WORK ITEM: Beginning with the first entry, restate the data word for word and leave out the images.

INPUT MATERIAL:
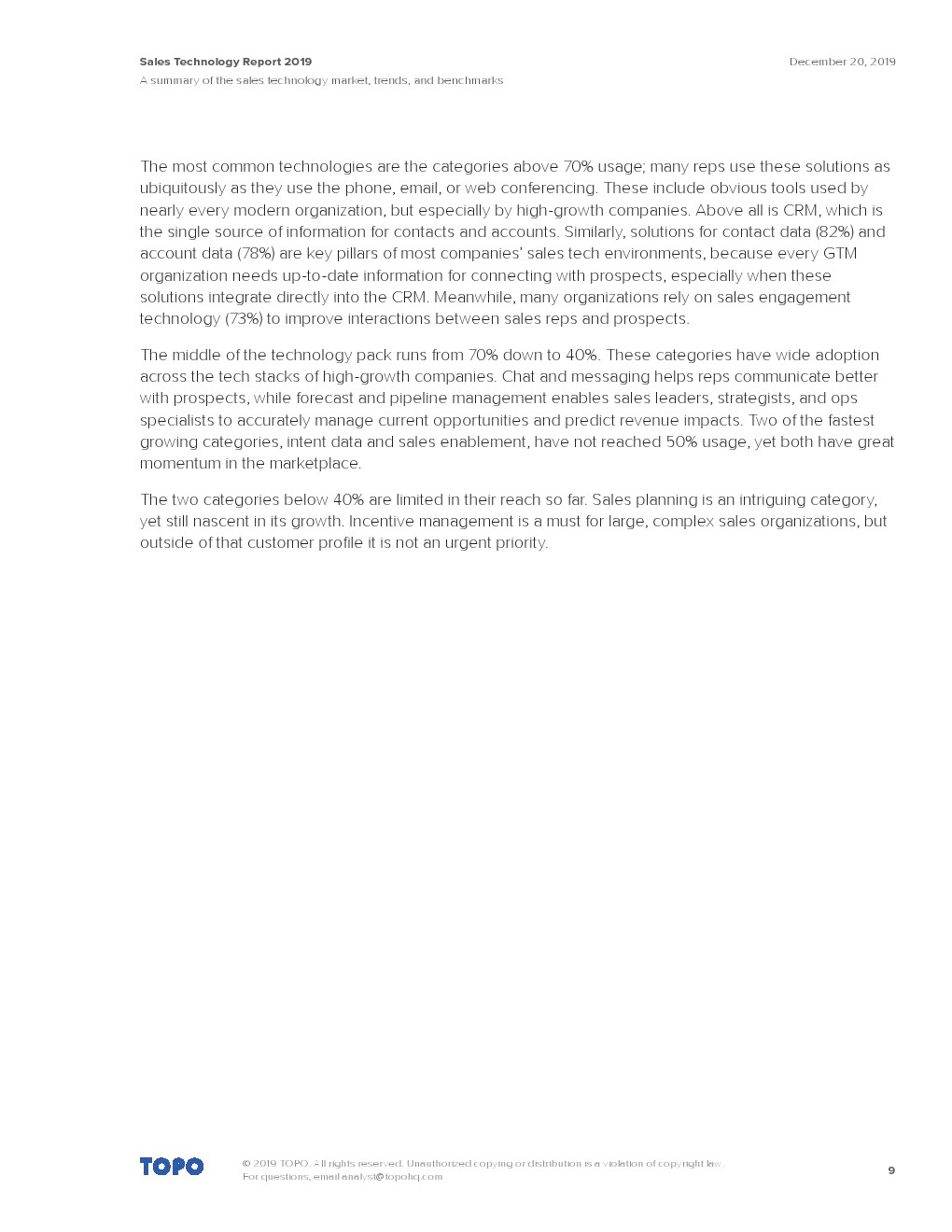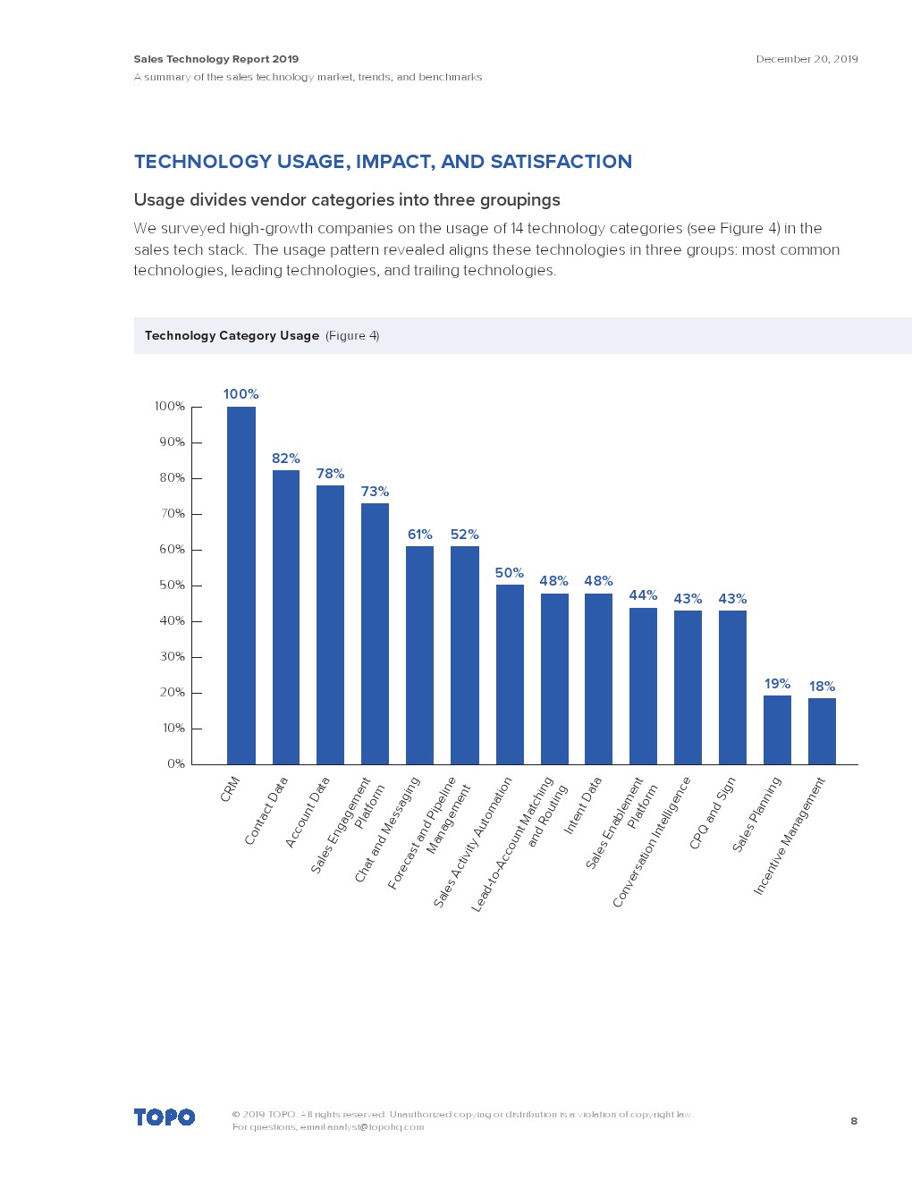根据Topo的一份报告,虽然并不是所有的公司都在使用CRM,但当涉及到高增长的公司时,CRM是无处不在的。销售技术的使用往往反映了营销技术的使用情况。
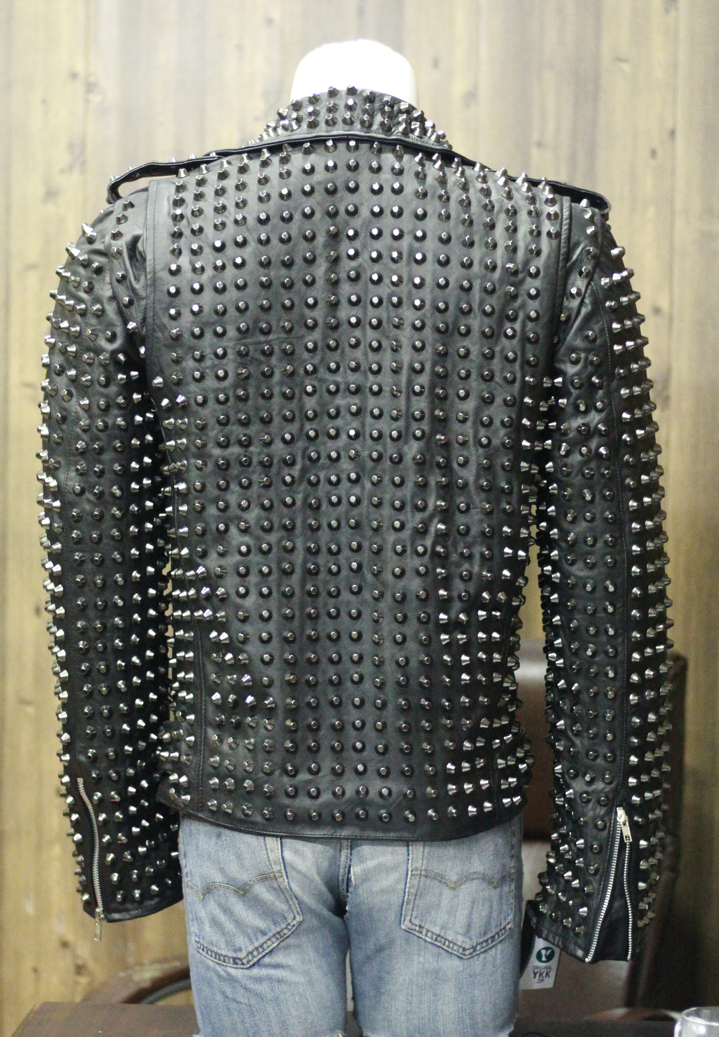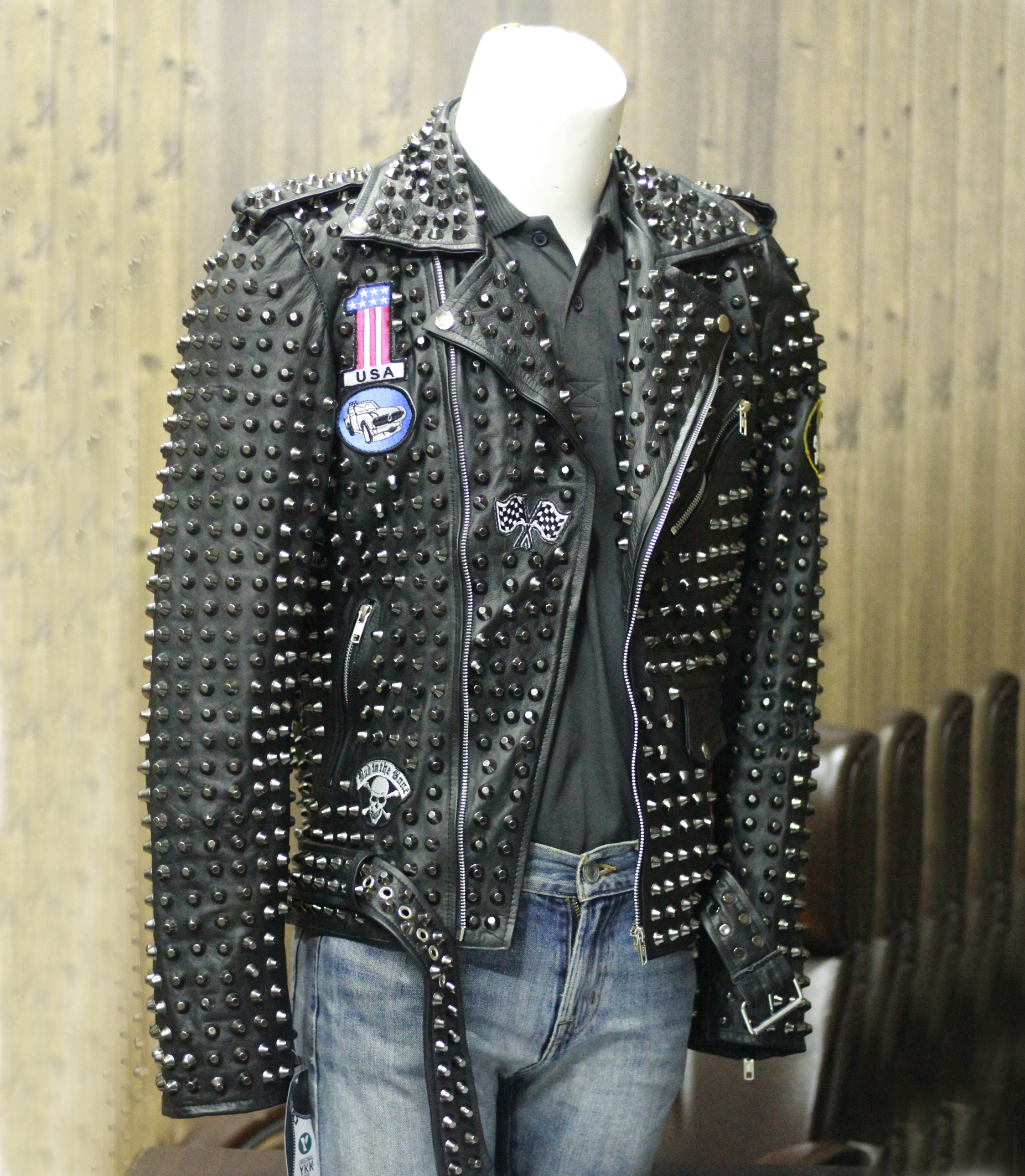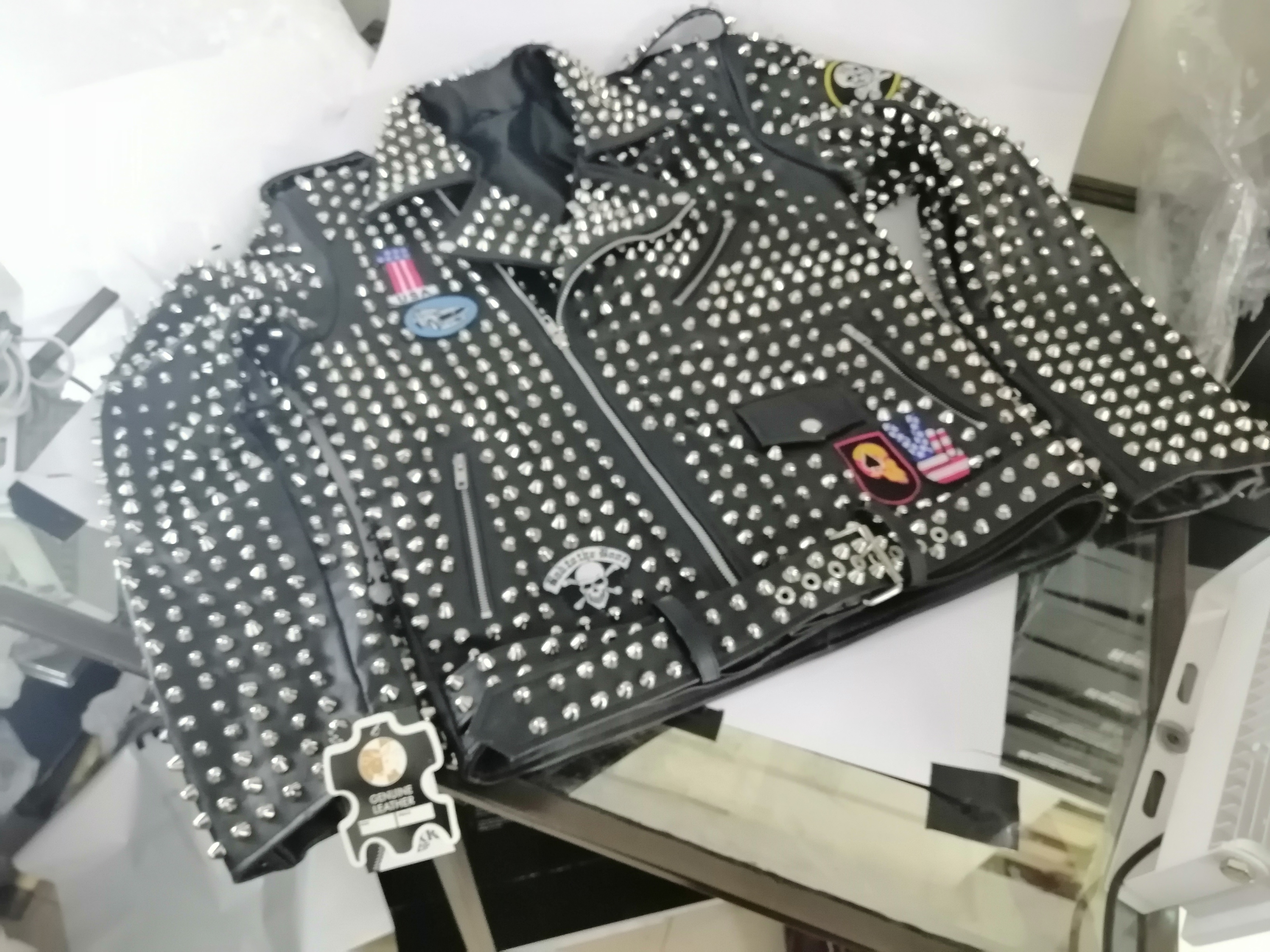 Stylish Men's Fashion Silver Studded Punk Style Leather Jacket
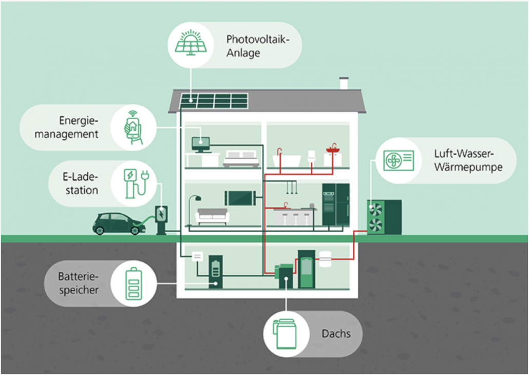 Mit dem beim Heizen produzierten Dachs-Strom wird Ihr Gebäude versorgt und z.B. eine Wärmepumpe angetrieben, Überschüsse werden gegen Vergütung ins Netz geliefert oder zur späteren Nutzung eingespeichert. Wird noch zusätzlicher Strom benötigt, kann auch eine PV-Anlage integriert werden und den übrigen Reststrom beziehen Sie mit dynamischen Tarifen günstig aus dem Netz.
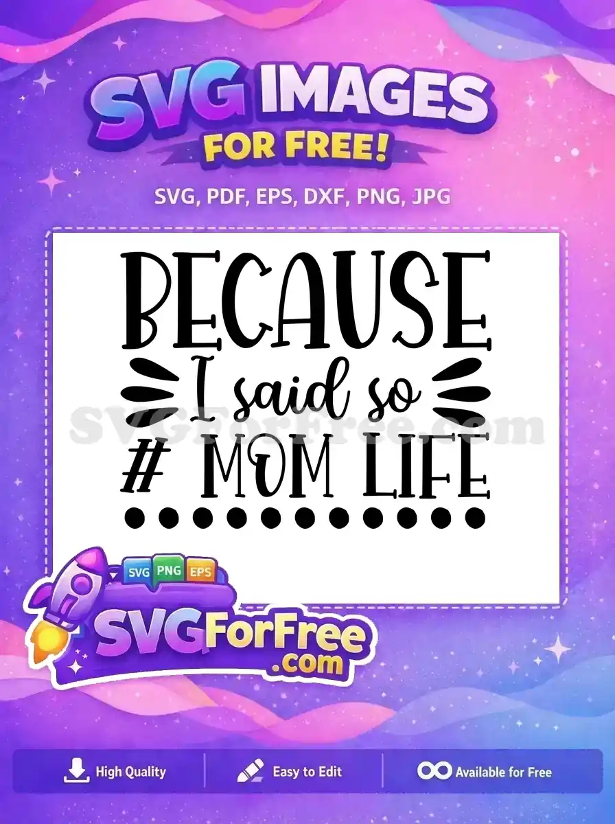 Humorous quote ‘BECAUSE I said so #MOM LIFE’ with dots, a free vector asset.
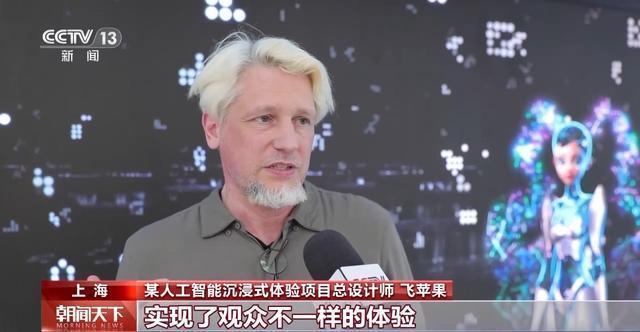 上海某人工智能沉浸式体验项目总设计师 飞苹果:我在这里面就可以做到,无论多少个观众,每个人有一个属于自己的人工智能,实现了观众不一样的体验。

ANSWER BOX:
根据Topo的一份报告,虽然并不是所有的公司都在使用CRM,但当涉及到高增长的公司时,CRM是无处不在的。销售技术的使用往往反映了营销技术的使用情况。
 Stylish Men's Fashion Silver Studded Punk Style Leather Jacket
 Mit dem beim Heizen produzierten Dachs-Strom wird Ihr Gebäude versorgt und z.B. eine Wärmepumpe angetrieben, Überschüsse werden gegen Vergütung ins Netz geliefert oder zur späteren Nutzung eingespeichert. Wird noch zusätzlicher Strom benötigt, kann auch eine PV-Anlage integriert werden und den übrigen Reststrom beziehen Sie mit dynamischen Tarifen günstig aus dem Netz.
 Humorous quote ‘BECAUSE I said so #MOM LIFE’ with dots, a free vector asset.
 上海某人工智能沉浸式体验项目总设计师 飞苹果:我在这里面就可以做到,无论多少个观众,每个人有一个属于自己的人工智能,实现了观众不一样的体验。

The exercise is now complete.